[Opening DATA SECTION section]

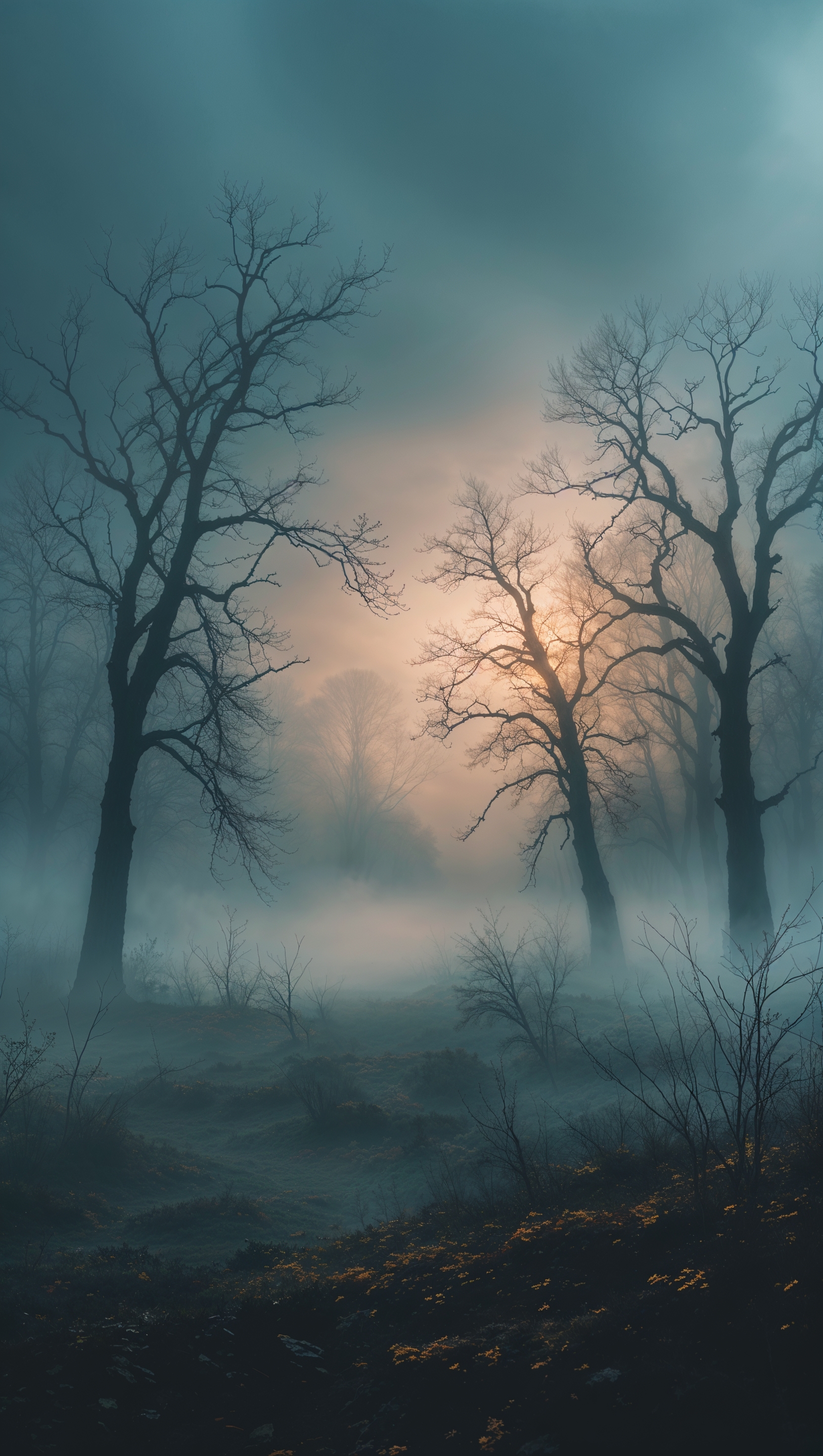 1664x2944 iPhone wallpaper with spooky autumn theme, dense fog and bare trees
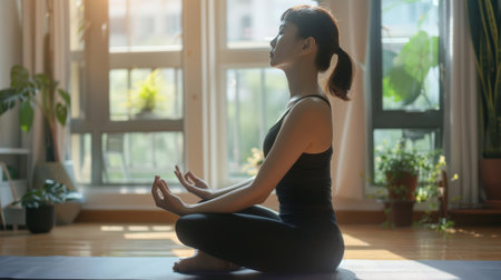 A woman engages in a calming meditation session in a bright indoor setting. Soft sunlight filters through the windows, creating a peaceful atmosphere for relaxation.
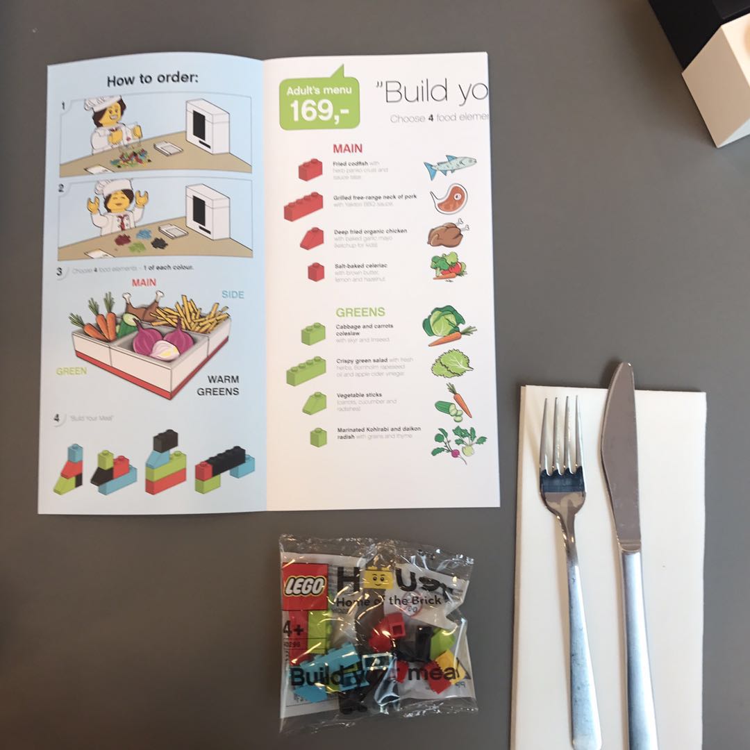 乐高自然也不会对此无动于衷。在LEGO House餐厅吃饭时,你无法跟“厨师”用人类语言交流,他们都是乐高机器人——你需要用乐高积木来点单,每一种颜色和类型的积木代表了一种菜品。然后还是通过扫描的方式,向厨师发出指令。

[Closing DATA SECTION section]

**PROMPT:**
Give the data again exactly, without pictures.

**PROBLEM SOLUTION:**
 1664x2944 iPhone wallpaper with spooky autumn theme, dense fog and bare trees
 A woman engages in a calming meditation session in a bright indoor setting. Soft sunlight filters through the windows, creating a peaceful atmosphere for relaxation.
 乐高自然也不会对此无动于衷。在LEGO House餐厅吃饭时,你无法跟“厨师”用人类语言交流,他们都是乐高机器人——你需要用乐高积木来点单,每一种颜色和类型的积木代表了一种菜品。然后还是通过扫描的方式,向厨师发出指令。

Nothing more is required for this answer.